Please reproduce all of the listing below exactly and drop its images.

===== RECORD EXTRACTS

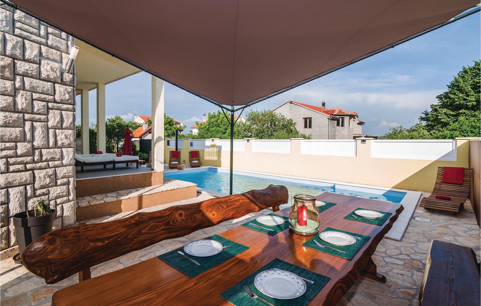 Omgivet af natur og en mediterran atmosfære i et lanskab, der bliver forkælet med meget sol, ligger dette smukke feirehus med pool og velholdt have. I den lille landsby Polaca er I tæt på byerne Benkovac og Biograd. Den nærmeste sandstrand finder I ca. 8 km herfra. De flot indrettede værelser er fordelt på stueetagen og 1. sal. En spillekonsol, pikado, fussball og en trampolin sørger for underholdning. Besøg Vrana søen i nærheden med fuglereservatet, Maškovica Han, en sær osmansk bygning samt fritidsparken med emneområderne piratbyen, det vilde west og universum.
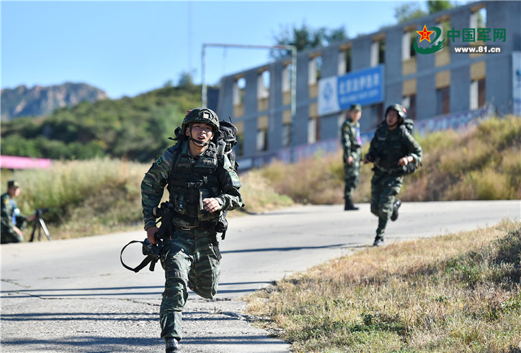 9月24日,在2公里武装越野射击比武课目中,参赛队员在进行最后冲刺。曹峰摄
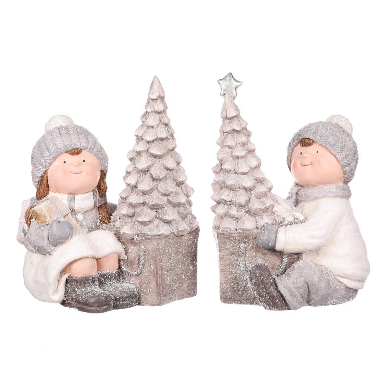 Překrásná vánoční dekorace z magnéziové keramiky v podobě dětí před svítícím stromečkem, přináší radost a potěšení. Naše výjimečná dekorace zachycuje sedící děti v teplém oblečení, jak se radostně dívají na osvětlený vánoční stromeček. Je zde zachycen kouzelný moment očekávání z toho, co jim Ježíšek ve skutečnosti nadělil. LED osvětlení vnese do prostoru i krásný světelný element. Vytvoříte si tak hravě a jednoduše úchvatnou sváteční atmosféru, která vás bude bavit. Tyto figurky zachycují nejen krásu zimního období, ale také radostné pocity spojené s tímto magickým obdobím. Výška (cm): 39.00 Šířka (cm): 31.00 Hloubka (cm): 22.00 Alternativní sezóna: Zima Funkce: LED osvětlení Barva primární: Vícebarevná Materiál: Magnesium Mix druhů: Ano Sezóna: Vánoce Počet baterií: 2.00 Baterie součástí balení: Ano Typ baterie: CR2032 Rozměry: cm Hmotnost:4,21 kg Cena je za 2 kusů.
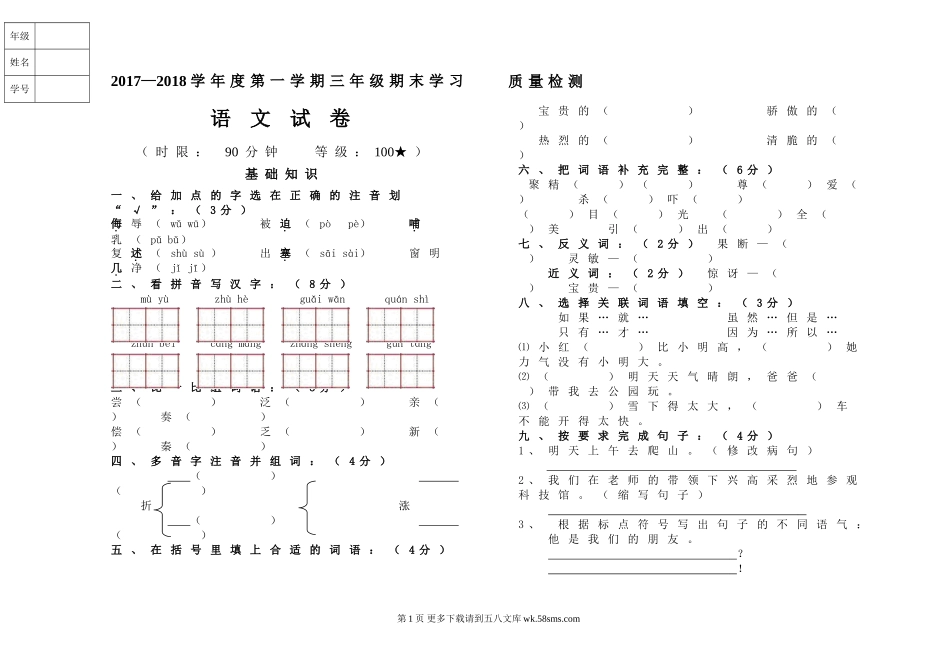 2017—2018学年度第一学期三年级期末学习质量检测语文试卷(时限:90分钟等级:100★)基础知识一、给加点的字选在正确的注音划“√”:(3分)侮辱(wǔwū)被迫(pòpè)哺乳(pǔbǔ)复述(shùsù)出塞(...
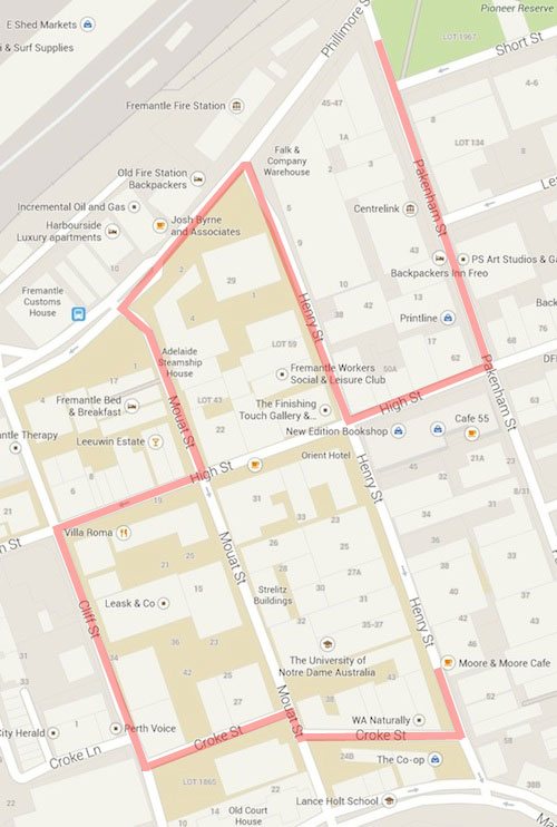West End | High St | Pakenham St | Henry St | Mouat St | Cliff St | Phillimore St
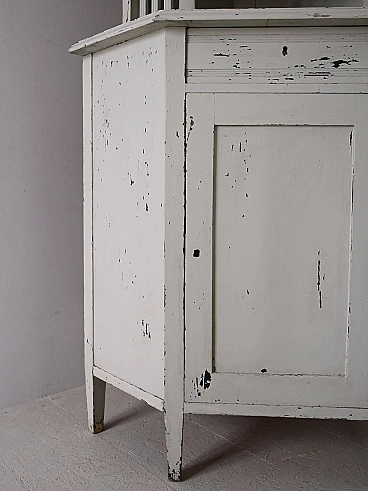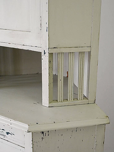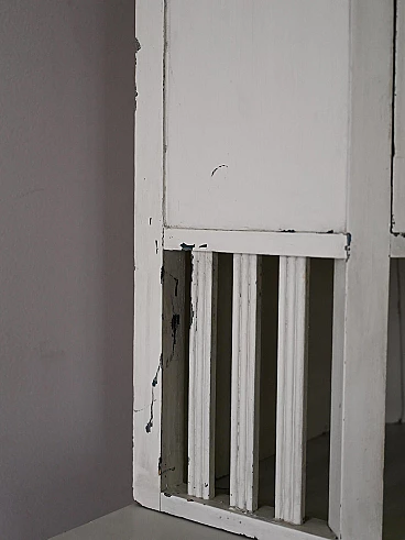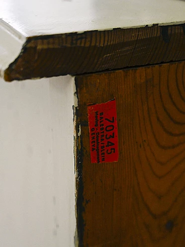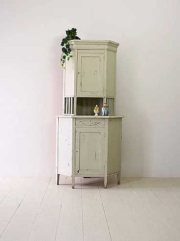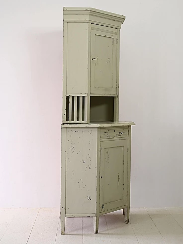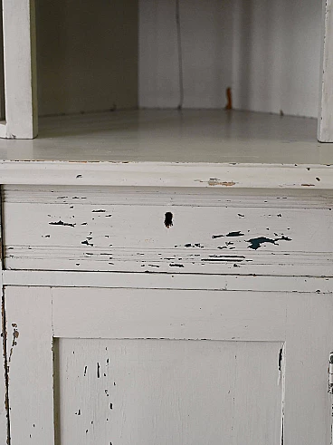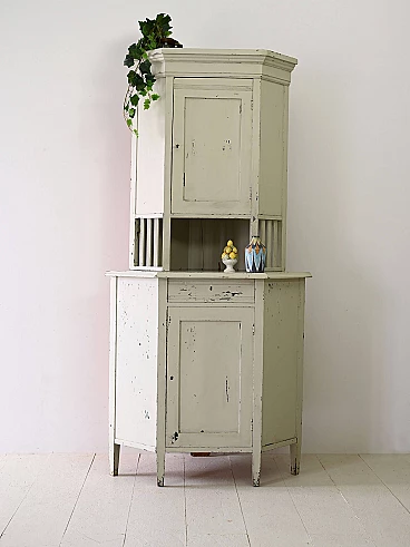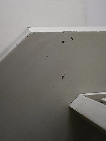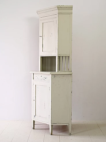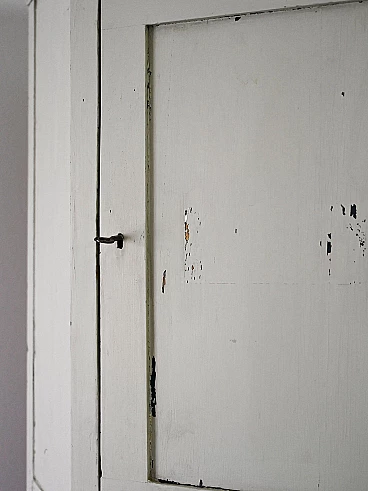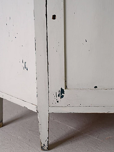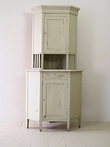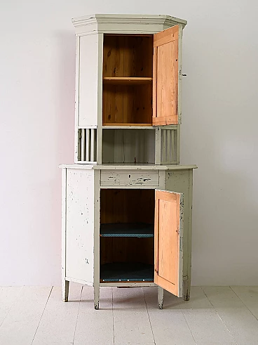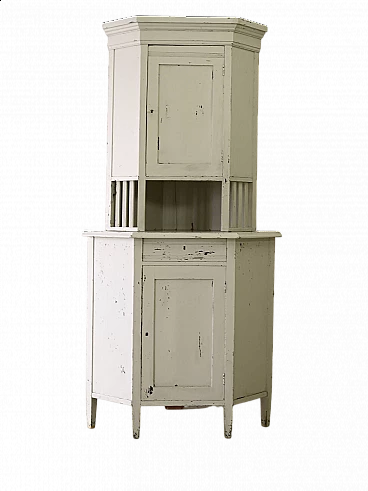 Angoliera scandinava in legno dipinto di bianco, anni '30-'40. La sua struttura è composta da un'anta a battente superiore e inferiore, entrambe dotate di serratura. Al centro, un piano d'appoggio aggiunge versatilità al mobile, offrendo spazio per esporre oggetti decorativi. Il mobile è completato da un cassetto con serratura. Le gambe sottili, caratteristiche dello stile nordico, slanciano la struttura conferendole un aspetto leggero. Buone condizioni. È stato effettuato un restauro conservativo con prodotti di origine naturale. Potrebbe presentare dei segni del tempo. Per piacere prestare attenzione alle fotografie.

==========

**TASK ANSWER**
 Omgivet af natur og en mediterran atmosfære i et lanskab, der bliver forkælet med meget sol, ligger dette smukke feirehus med pool og velholdt have. I den lille landsby Polaca er I tæt på byerne Benkovac og Biograd. Den nærmeste sandstrand finder I ca. 8 km herfra. De flot indrettede værelser er fordelt på stueetagen og 1. sal. En spillekonsol, pikado, fussball og en trampolin sørger for underholdning. Besøg Vrana søen i nærheden med fuglereservatet, Maškovica Han, en sær osmansk bygning samt fritidsparken med emneområderne piratbyen, det vilde west og universum.
 9月24日,在2公里武装越野射击比武课目中,参赛队员在进行最后冲刺。曹峰摄
 Překrásná vánoční dekorace z magnéziové keramiky v podobě dětí před svítícím stromečkem, přináší radost a potěšení. Naše výjimečná dekorace zachycuje sedící děti v teplém oblečení, jak se radostně dívají na osvětlený vánoční stromeček. Je zde zachycen kouzelný moment očekávání z toho, co jim Ježíšek ve skutečnosti nadělil. LED osvětlení vnese do prostoru i krásný světelný element. Vytvoříte si tak hravě a jednoduše úchvatnou sváteční atmosféru, která vás bude bavit. Tyto figurky zachycují nejen krásu zimního období, ale také radostné pocity spojené s tímto magickým obdobím. Výška (cm): 39.00 Šířka (cm): 31.00 Hloubka (cm): 22.00 Alternativní sezóna: Zima Funkce: LED osvětlení Barva primární: Vícebarevná Materiál: Magnesium Mix druhů: Ano Sezóna: Vánoce Počet baterií: 2.00 Baterie součástí balení: Ano Typ baterie: CR2032 Rozměry: cm Hmotnost:4,21 kg Cena je za 2 kusů.
 2017—2018学年度第一学期三年级期末学习质量检测语文试卷(时限:90分钟等级:100★)基础知识一、给加点的字选在正确的注音划“√”:(3分)侮辱(wǔwū)被迫(pòpè)哺乳(pǔbǔ)复述(shùsù)出塞(...
West End | High St | Pakenham St | Henry St | Mouat St | Cliff St | Phillimore St
 Angoliera scandinava in legno dipinto di bianco, anni '30-'40. La sua struttura è composta da un'anta a battente superiore e inferiore, entrambe dotate di serratura. Al centro, un piano d'appoggio aggiunge versatilità al mobile, offrendo spazio per esporre oggetti decorativi. Il mobile è completato da un cassetto con serratura. Le gambe sottili, caratteristiche dello stile nordico, slanciano la struttura conferendole un aspetto leggero. Buone condizioni. È stato effettuato un restauro conservativo con prodotti di origine naturale. Potrebbe presentare dei segni del tempo. Per piacere prestare attenzione alle fotografie.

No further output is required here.